Çiftçi H Tunç, Verhage Michael, Cromwijk Tamar, Pham Van Laurent, Koopmans Bert, Flipse Kees, Kurnosikov Oleg
Department of Applied Physics, Eindhoven University of Technology, PO Box 513,, 5600 MB Eindhoven, the Netherlands.
DRF/IRAMIS/SPEC-LEPO, Centre CEA de Saclay, 91191 Gif-sur-Yvette, France.
Microsyst Nanoeng. 2022 May 16;8:51. doi: 10.1038/s41378-022-00379-x. eCollection 2022.

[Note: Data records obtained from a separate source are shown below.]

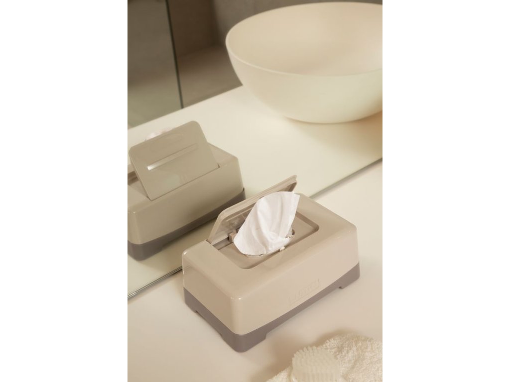 - A több színben kapható törlőkendő tároló része a LUMA Babycare által kínált fürdőszobai kellékek széles választékának.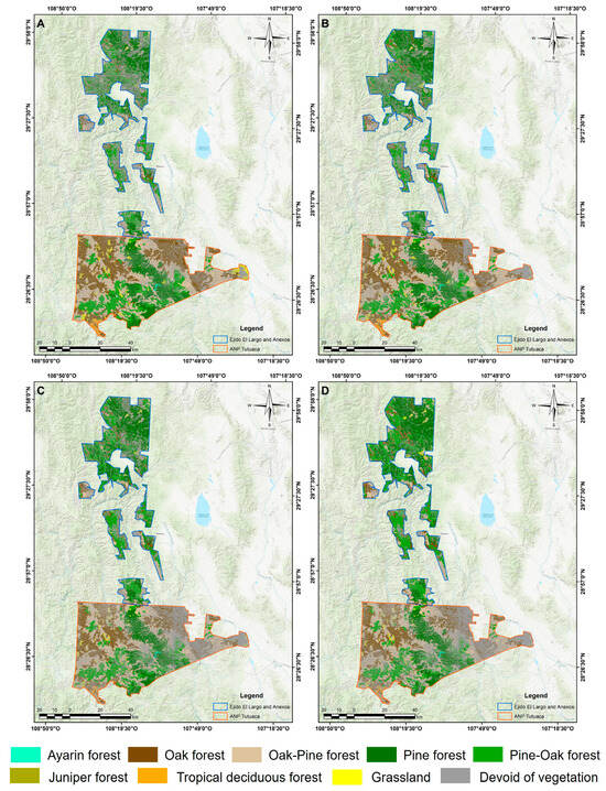 Evolution of vegetation cover in Ejido El Largo y Anexos and the Tutuaca Protected Natural Area for the years 1995 (A), 2008 (B), 2014 (C), and 2022 (D).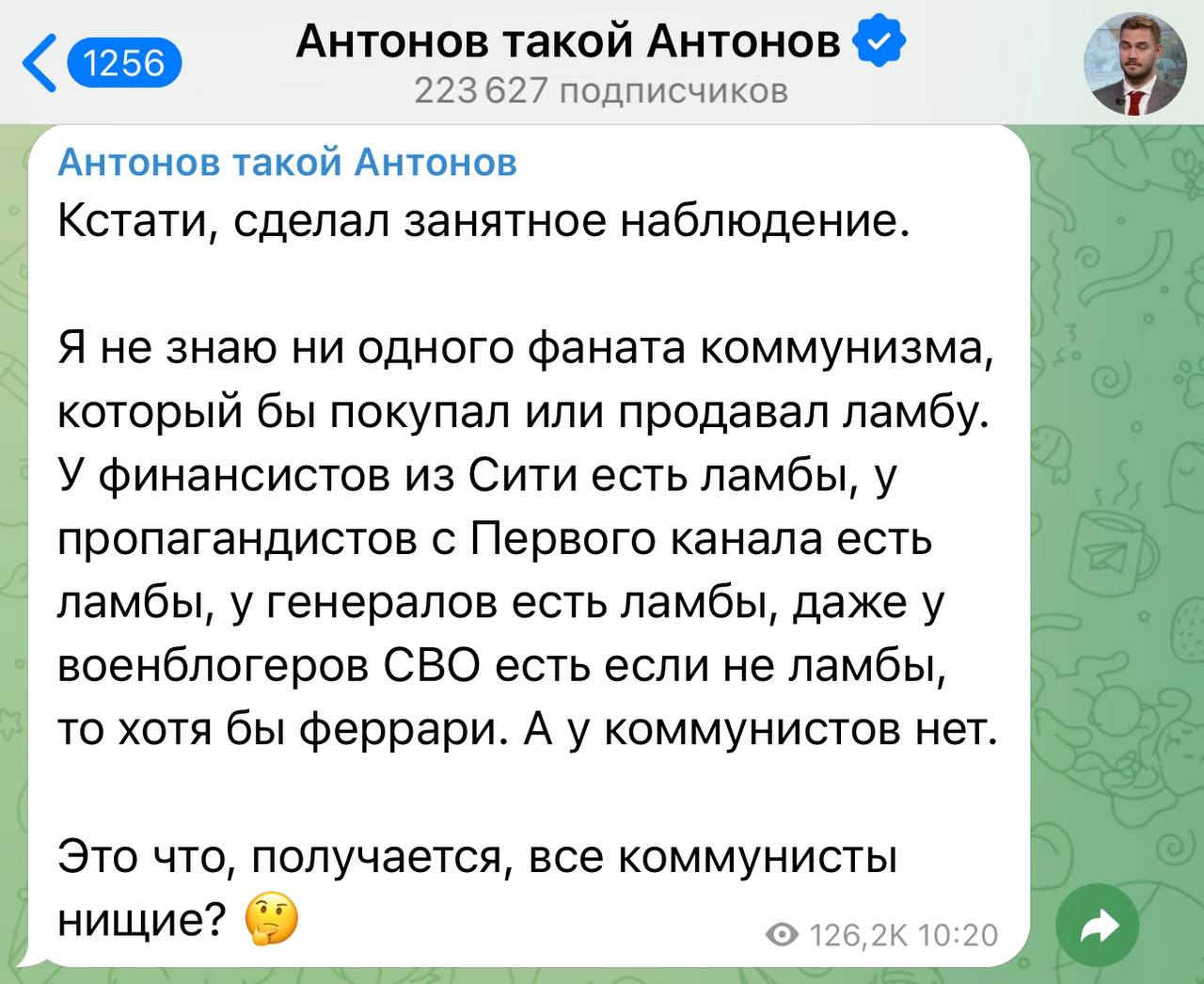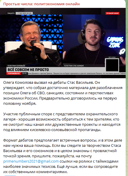 >>961021 >>961007 А смысл дебатировать с Комоловым, если он в разы тупее Сраса? Комолов у Лазерсон доказывал, что СВО устроил не Путин, а "олигархи" и в качестве доказательства привёл оценку их акций из поста СВТВ, но по этой статистике вышло так, что СВО устроил Вексельберг и Алекперов, потому что у них одних акции на тот момент подорожали, тогда как у всех остальных "олигархов" цены на акции обвалились. Теперь же даже Вексельберг и Алекперов оказались в проигрыше, потому как их акции недавно круто обвалились. Зачем тогда он их в разжигатели войны записал? А его тезис 2022 года, что после начала СВО начнётся массовая приватизация, потому как она выгодна правящему классу? Только вот ничего до сих пор не приватизировали, зато национализировали кучу заводов, но оказалось, что современный завод со всеми его станками без западного капиталиста с цепочкой поставок, ПО и менеджментом, не может выпускать продукцию. И как он тогда планирует строить социализм? Национализирует всё и будет сидеть у разбитого корыта с ничего не стоящими заводами?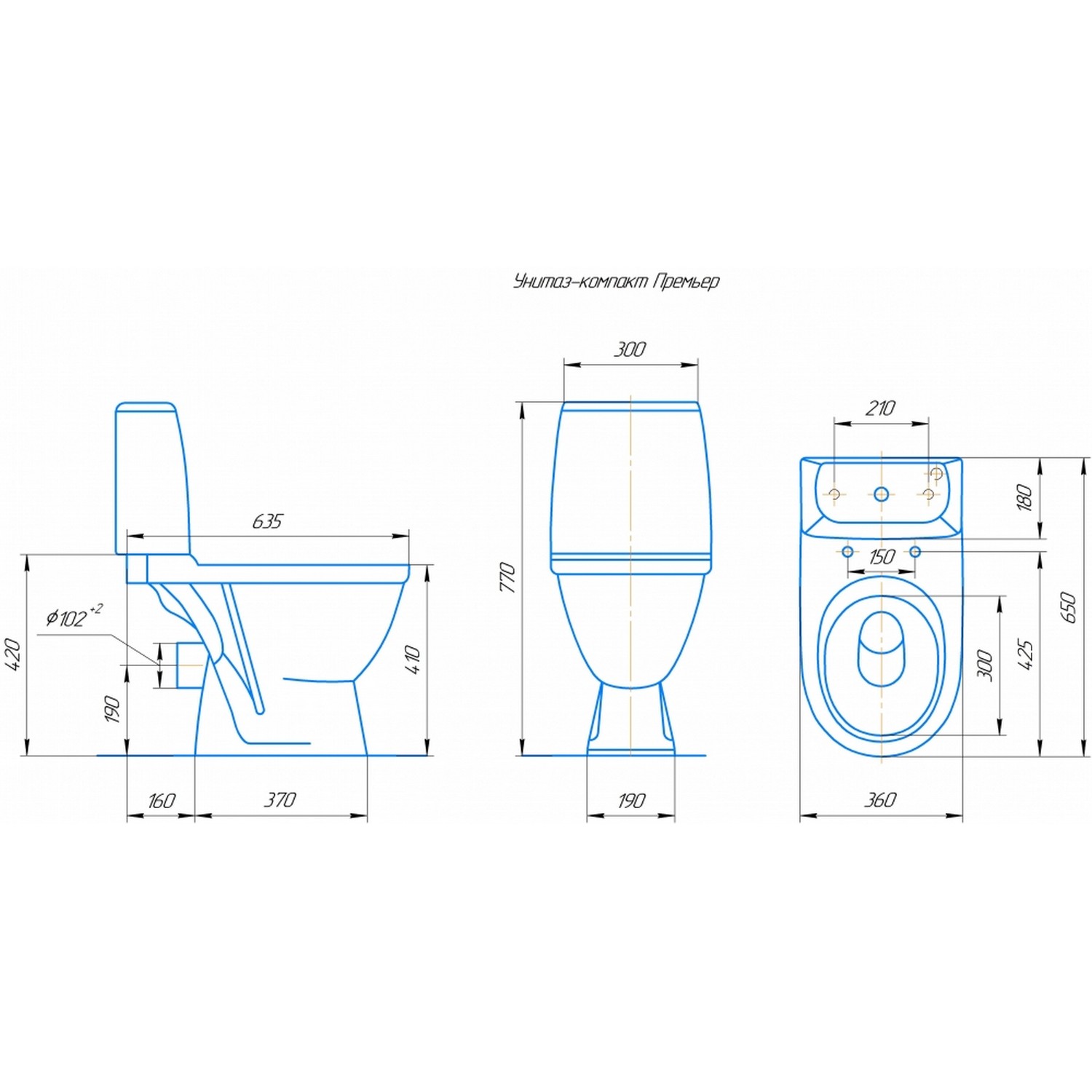 Унитаз-компакт "ПРЕМЬЕР" ROSA синий декор ниж. подв. прямой выпуск с арматурой и сиденьем (г. Киров)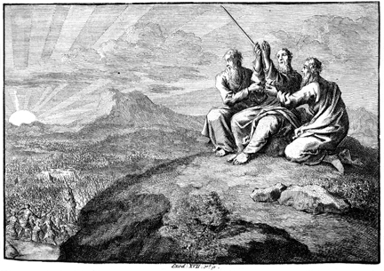 Description: Aaron and Hur hold up Moses' hands, enabling Joshua to defeat the Amalekites.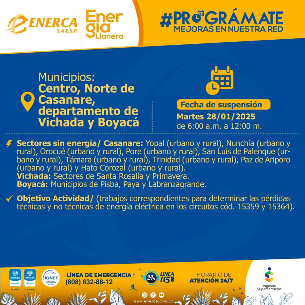 La Empresa de Energía de Casanare (Enerca S.A. E.S.P.) informa a la comunidad sobre el mantenimiento programado de gran impacto que se llevará a cabo el próximo 28 de enero de 2025 en varias zonas del norte y centro de Casanare, así como en los departamentos de Vichada y Boyacá.

We present a new approach to tuning-fork-based atomic force microscopy for utilizing advanced "tip-on-chip" probes with high sensitivity and broad compatibility. Usually, such chip-like probes with a size reaching 2 × 2 mm drastically perturb the oscillation of the tuning fork, resulting in poor performance in its intrinsic force sensing. Therefore, restoring initial oscillatory characteristics is necessary for regaining high sensitivity. To this end, we developed a new approach consisting of three basic steps: tuning-fork rebalancing, revamping holder-sensor fixation, and electrode reconfiguration. Mass rebalancing allows the tuning fork to recover the frequency and regain high Q-factor values up to 10 in air and up to 4 × 10 in ultra-high vacuum conditions. The floating-like holder-fixation using soft wires significantly reduces energy dissipation from the mounting elements. Combined with the soft wires, reconfigured electrodes provide electrical access to the chip-like probe without intervening in the force-sensing signal. Finally, our easy-to-implement approach allows converting the atomic force microscopy tip from a passive tool to a dedicated microdevice with extended functionality.
我们提出了一种基于音叉的原子力显微镜的新方法,用于利用具有高灵敏度和广泛兼容性的先进“芯片上的探针”。通常,这种尺寸达到2×2毫米的芯片状探针会极大地干扰音叉的振荡,导致其固有力传感性能不佳。因此,恢复初始振荡特性对于恢复高灵敏度是必要的。为此,我们开发了一种由三个基本步骤组成的新方法:音叉重新平衡、改进支架-传感器固定以及电极重新配置。质量重新平衡使音叉能够恢复频率,并在空气中重新获得高达10的品质因数,在超高真空条件下高达4×10。使用软线的类似浮动的支架固定显著减少了安装元件的能量耗散。与软线相结合,重新配置的电极在不干扰力传感信号的情况下为芯片状探针提供电连接。最后,我们易于实现的方法允许将原子力显微镜探针从一个被动工具转变为一个具有扩展功能的专用微器件。